The Obelisks — 350 Tons of Granite in Seven Months
The voyage to Punt was not the only large thing Hatshepsut commissioned.
At some point during her reign — she describes it as coming from a moment of reflection in the palace, a thought about honouring her god — she decided to erect two obelisks before the great Temple of Amen at Karnak. She gave the order. Sen-mut went south to the granite quarries at Aswan.
The obelisks were cut, transported, and erected — carved from base to summit with hieroglyphs — in seven months.
Each one stood 98 and a half feet tall and weighed approximately 350 tons. To give that some scale: Cleopatra's Needle on the Thames Embankment in London, which caused the British engineers who brought it from Egypt in the 1870s considerable trouble, stands 68 and a half feet tall. Hatshepsut's obelisks were thirty feet taller and significantly heavier — and the people who quarried, moved, raised, and inscribed them did all of it in less time than it takes to build a moderately complicated modern office block.
One of them is still standing at Karnak. It is the tallest obelisk in the temple complex. The other fell at some point and lies broken near its companion. Together they are, as the original account says, their own plain evidence of what the people who built them were capable of.
One of Hatshepsut's two granite obelisks still stands at Karnak — 98 and a half feet tall, carved from base to summit with hieroglyphs, quarried and erected in seven months. Its companion lies broken beside it.
What She Left Behind
Someone tried to erase Hatshepsut from history after her death. Her face was removed from images. Her name was cut from inscriptions. Her statues were pulled down and buried in pits near the temple she had built.
It was a thorough attempt.
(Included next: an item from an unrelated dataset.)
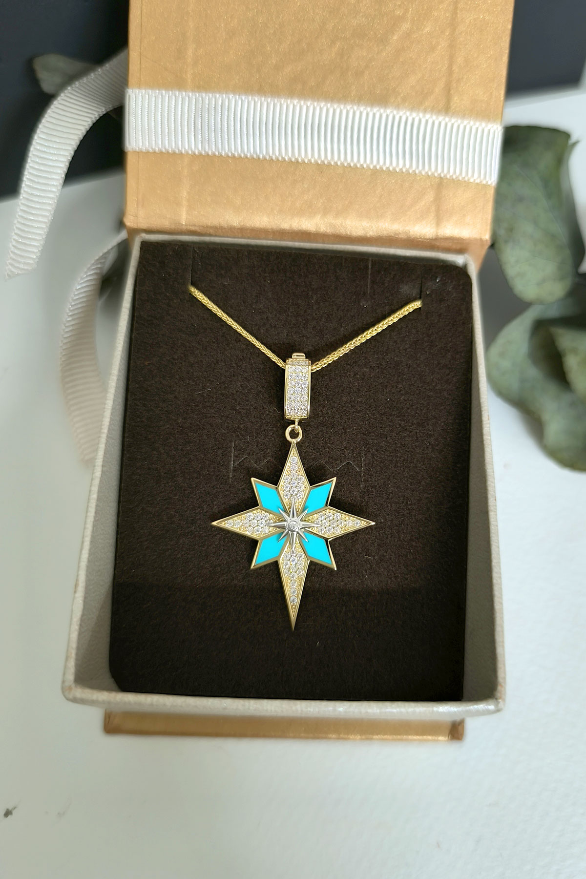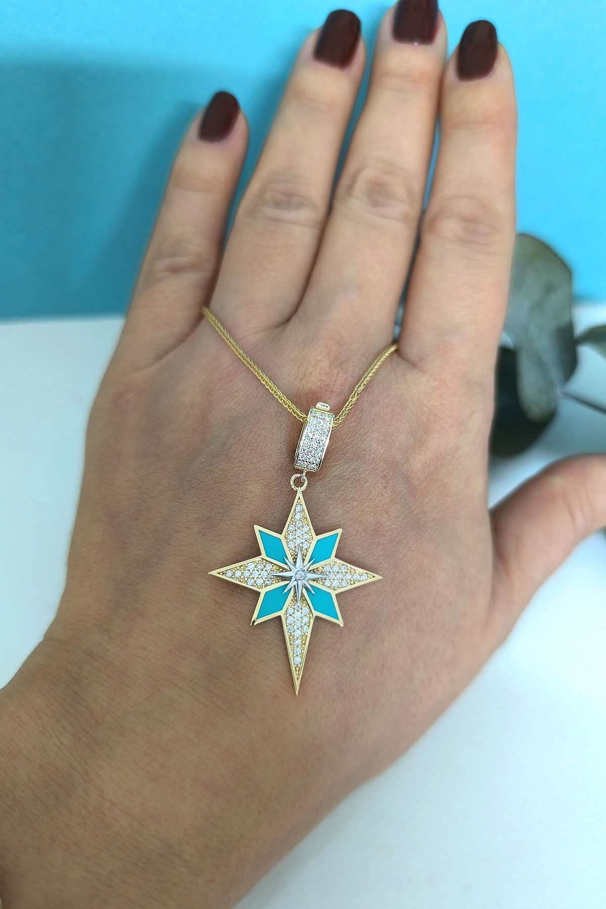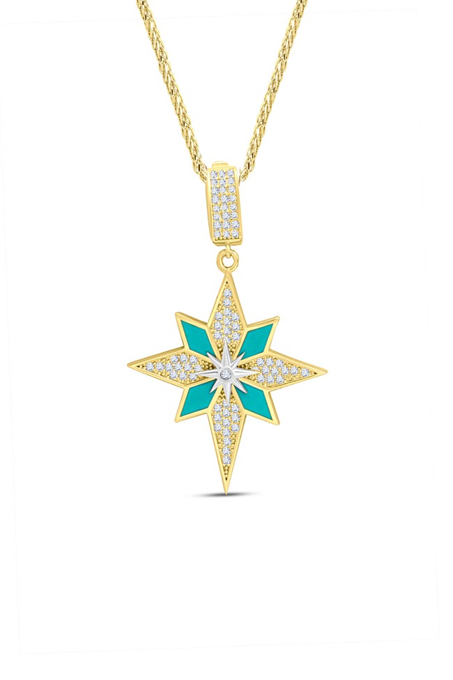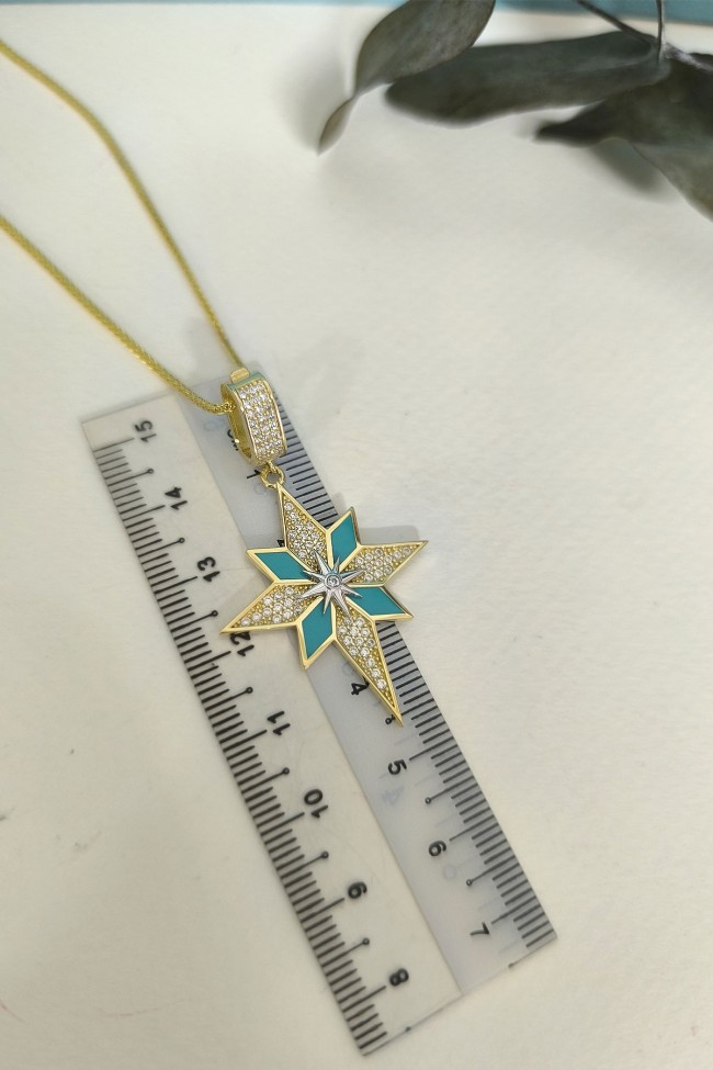 6.80 gr. 4.5 cm boyutunda zirkon taşlı turkuaz mineli model 14 ayar altın kuzey yıldızı charm kilit kolye. Farklı kolyelerinizle bir arada kombine olarak kullanabileceğiniz harika ve gösterişli bir model.

It was not thorough enough.
The temple walls at Deir el-Bahri survived with enough of their carving intact that the voyage to Punt can still be followed panel by panel — the ships, the trading, the loading, the animals, the homecoming. The standing obelisk at Karnak still carries her name. Her buried statues, excavated in the early twentieth century, are in the Metropolitan Museum in New York in numbers that make the room where they are kept feel like a private audience.
And the incense trees she planted on the temple terraces from Punt, the ones she called a Paradise — they grew in Egyptian soil for generations after she died, sustained by careful watering in a climate they were never built for, a small living monument to a voyage that crossed a sea and came back with something worth keeping.